While Grimes reveres the land, the fruit, the process, and the wine, he eschews the stilted language surrounding wine culture and intimidates novices. He feels there need not be tasting notes that wax poetic about tobacco, pomegranate, and figs. If a person thinks that a wine tastes like Flintstones vitamins or smells like Fun Dip, then that’s okay, he insists. “Right now, I’m sitting on the beach drinking beer brewed with raspberries,” he says. “It’s about enjoying the day drinking what tastes good to me, not about devising a tasting note.”
Typically, grapes are sorted and crushed outdoors on a concrete or stone slab called a crush pad. At Palmaz Vineyards in Napa, that process, and every subsequent step, happens underground. When Julio and Amalia Palmaz established this 600-acre family-run estate on the site of a historic pre-prohibition winery in the late 1990s, they built the entire operation into the side of Mt. George. Using a gravity flow winemaking process, the grapes travel down four levels of the 18-story subterranean cave over a period of three years. “Grapes are sorted on the top level, cascade to tanks where they ferment, then flow to barrels where they age, and finally flow to the bottom level bottling line and storage area,” says Florencia Palmaz, the chief executive officer and the founders’ daughter. “If you’re gentle to the wine, it rewards you,” she says, noting that eliminating mechanical pumps from the process minimizes damage to the fruit and thus the wine.

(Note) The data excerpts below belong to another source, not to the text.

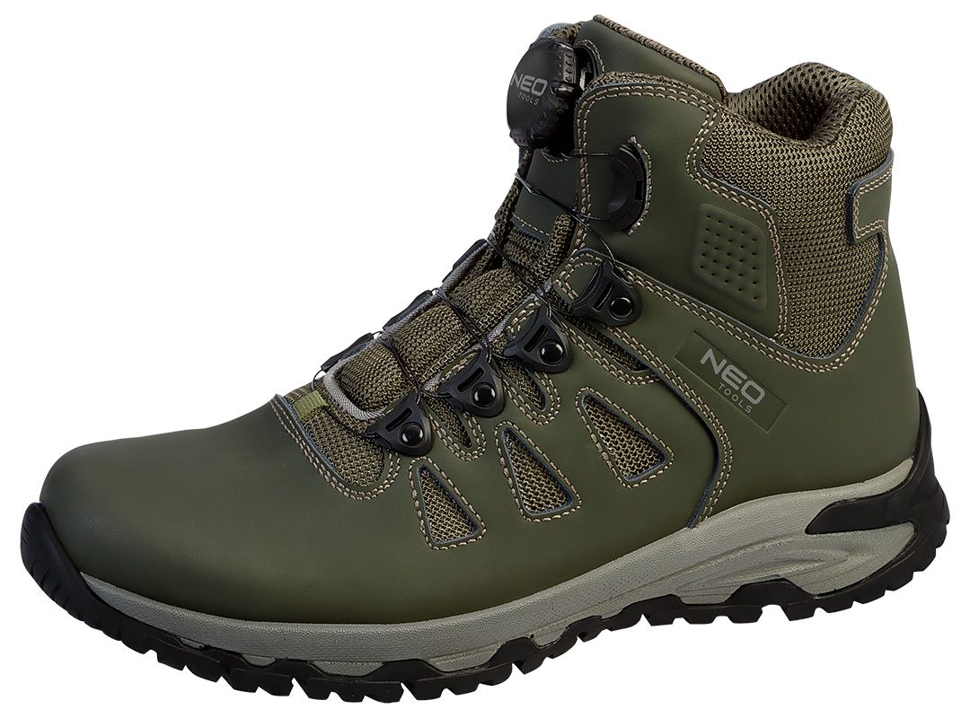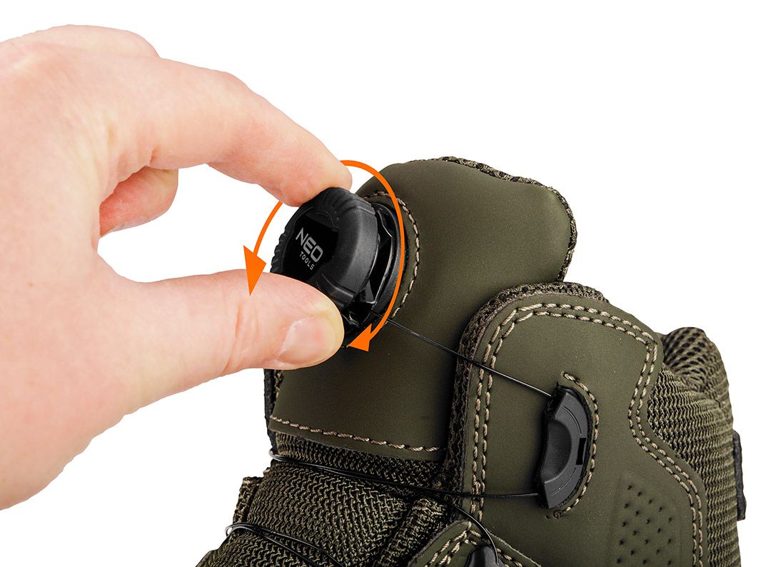 Radne cipele O2 SR FO brenda NEO TOOLS , sa zatezačom vezica, savršeno su rješenje za vikend izlete u šumu, izlete u planine, kao i za profesionalne poslove. Proizvedeni u zaštitnoj kategoriji O2 SR FO , pružaju otpornost na klizanje na keramičkim podlogama obloženim natrijevim lauril sulfatom (SLS) i na čeličnim podlogama obloženim glicerolom.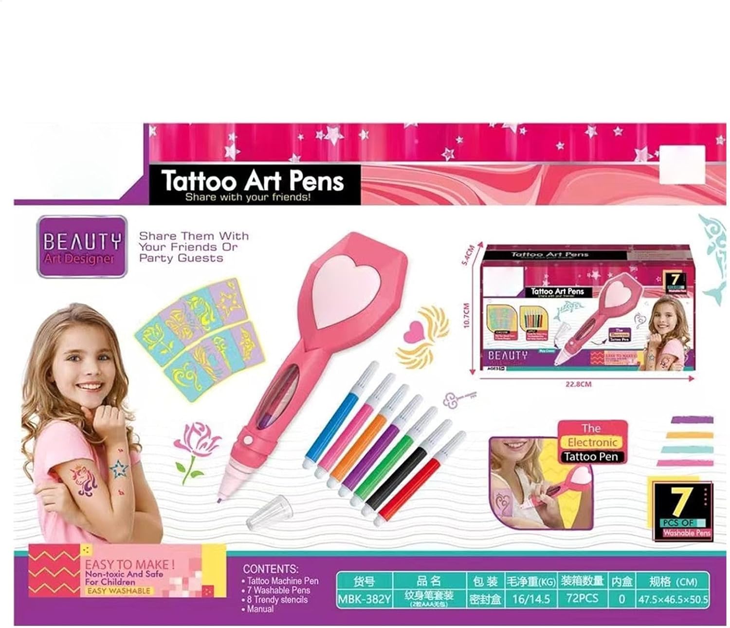 Facile divertimento artistico: queste penne giocattolo per body painting per bambini, adatte per decorare braccia, gambe e spalle, sono dotate di inchiostro lavabile e carte modello di pittura di varie forme, garantendo un facile divertimento artistico Ispira l'immaginazione: potenzia la creatività di tuo figlio con le mie penne per body art giocattolo per bambini. Il materiale ABS utilizzato per realizzare queste penne, con colori tenui, garantisce durata senza sbiadimento, irritazione della pelle o deformazione. Inoltre, sono facili da rimuovere in modo che tuo figlio possa esplorare varie forme d'arte in sicurezza Facile da trasportare: leggere e portatili, queste penne per body art sono facili da trasportare e utilizzare sempre e ovunque. Dai vita alla tua visione artistica, in spiaggia o al parco, con queste penne che stanno comodamente in tasca Bellissimo regalo: migliora la celebrazione di compleanni, Halloween, Natale e vacanze con il nostro set di penne per body art giocattolo per bambini, offrendo alle bambine un divertimento sicuro e lavabile nella creazione dei propri capolavori di body art Divertimento creativo in famiglia: le nostre penne per body art giocattolo per bambini sono lo strumento ideale per creare ricordi indimenticabili attraverso giochi interattivi genitore-figlio. Una scelta ideale per le attività familiari, questi recinti possono migliorare l'intimità e creare un'atmosfera familiare e divertente
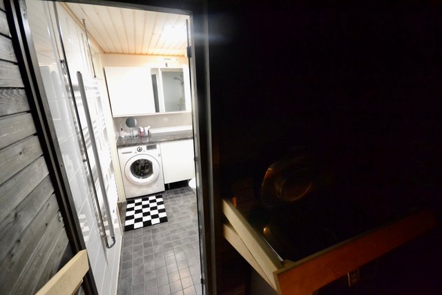 - Tyylikäs ja uusittu kylpytila näppärällä kodinhoitonurkkauksella.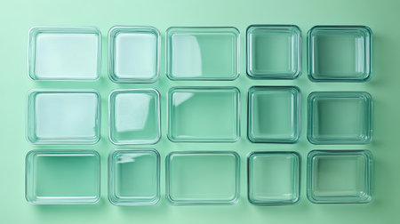 A flat lay image of various transparent glass containers on a green surface. The square shapes create a visually appealing arrangement, ideal for storage and organization.

The vineyard produces primarily cabernet sauvignon. All their grapes are grown on the property’s 64 acres of vineyards, which are planted at three different elevations. Tours guide visitors through all four levels of The Cave onto the hillside to see the crops and to the library for tastings that are paired with culinary offerings utilizing fruits and vegetables grown in their gardens. “It’s a one-on-one experience,” Palmaz says, “in which you can get the whole story.”
Dirt isn’t just dirt in wine country. The Rudd Estate, located in the heart of Oakville, has rich, red volcanic soil. “You can see the color of our soil when driving down Silverado Trail,” Wendi Green, the Rudd Estate marketing director, says. The volcanic rock is part of the family-run estate’s wines in more ways than one. When Leslie and Susan Rudd purchased the 56 acres in 1996, they expanded the existing caves, using rocks pulled from the vineyards for the stone walls around the property’s perimeter. Pulverized rocks were also incorporated into the winery’s custom concrete tanks. “The land is always part of the process,” Green notes.
Today, the couple’s daughter, Samantha Rudd, is in charge of the flourishing vineyard, which produces predominantly cabernet sauvignon. The land is farmed organically and biodynamically by a dedicated in-house team. “Each crew member cares for his or her own row of vines from start to finish, year after year,” Green says. “It’s that attention to detail that sets us apart.” Guest visits begin in the vineyards, continue through the extensive California-inspired gardens, into the estate’s winemaking workshop, and end with an outdoor tasting overlooking the lake. If you come during the winter season, you can catch a glimpse of the dozen-plus sheep that eat the cover crop and naturally fertilize the land. “There’s a wonderful energy here,” Green says.
“You feel like you’re visiting the family’s home.”